The fiscal year ended last week, alarms went off both literally and figuratively, and a last-minute deal was reached to keep the government open for another forty-five days. Later in October the Treasury Department will figure out the final budget numbers for last year and we estimate the deficit will come in a little north of $1.7 trillion, or 6.5% of GDP.
In a fiscal year when unemployment averaged only 3.6%, that’s a horribly high budget deficit to run, and a sign that something is deeply wrong with US fiscal policy. Worse, this past year’s deficit was artificially and temporarily held down by the Supreme Court striking down much of President Biden’s plan to forgive student debt. Without that decision, the deficit would have been close to 8% of GDP.
The bottom line is that the US is approaching a fiscal reckoning sometime in the next few years where it will need to either reduce future spending or find more future revenue. Even tougher, this will have to happen in a geo-political backdrop where the US may have to ramp up military spending to project more power in the Pacific.
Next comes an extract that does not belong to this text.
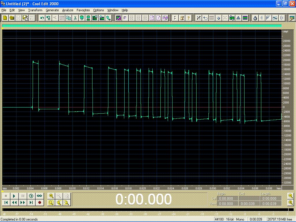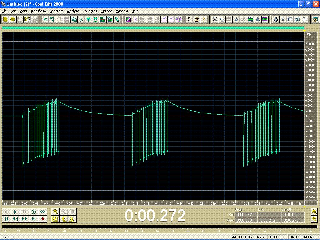 Ich hatte hier noch eine alte Grundig-Fernbedienung von einem Videorekorder rumliegen (RP35). Da habe ich jetzt mal die Programm Taste 1 gedrückt und dann kommen das hier in CoolEdit an. Im Bild sieht man, daß er bei einmal drücken den Code 3x schickt.

We root for spending cuts, particularly to entitlements. But, given that politicians who advocate for spending cuts using any tool they can find (debt ceiling or shutdowns) are verbally flayed by the establishment, we are not holding our breath. The establishment wants tax hikes, and that’s likely what we will get.
The good news is that we don’t think tax hikes will hit until at least 2026. Why that year? Because significant parts of the tax cuts enacted in 2017 under President Trump are set to expire at the very end of 2025. That expiration will focus the minds of politicians running for federal office in 2024, House, Senate, and President. In turn, in 2025, depending on the outcome of the election, some sort of deal will be reached about extending those tax cuts.
We think there’s about a 35% chance of a Republican sweep in 2024 (the presidency and majorities in both House and Senate). If that happens, we will likely get an extension of all the Trump tax cuts. However, unless that extension is coupled with aggressive spending cuts or entitlement reforms, it will be tough to sustain those tax cuts well beyond 2026.
We also think there is about a 20% chance of a Democratic sweep. If that happens, we’re likely to get significant across-the-board tax hikes. Policymakers will claim they are only raising income tax rates on “the rich,” but we think other kinds of tax hikes would be on the table, like higher gas taxes or maybe a carbon tax like the Clinton Administration proposed in 1993. In addition, taxes would likely go up on corporations, even though much of the burden from such a tax hike would be felt by their workers and their customers.
That leaves a 45% chance of having mixed government in 2025-26, with each party having control of at least one of the White House, the House or the Senate. In that case, expect most of the Trump tax cuts to be extended, except at upper income levels, where tax rates would likely revert to where they were under President Obama. This would be similar to the compromise that was reached for 2013, when the Bush tax cuts enacted in 2001 and 2003 were set to expire.
The one thing we know for sure is the US is on an unsustainable path. If we don’t cut spending, tax hikes are eventually on the way.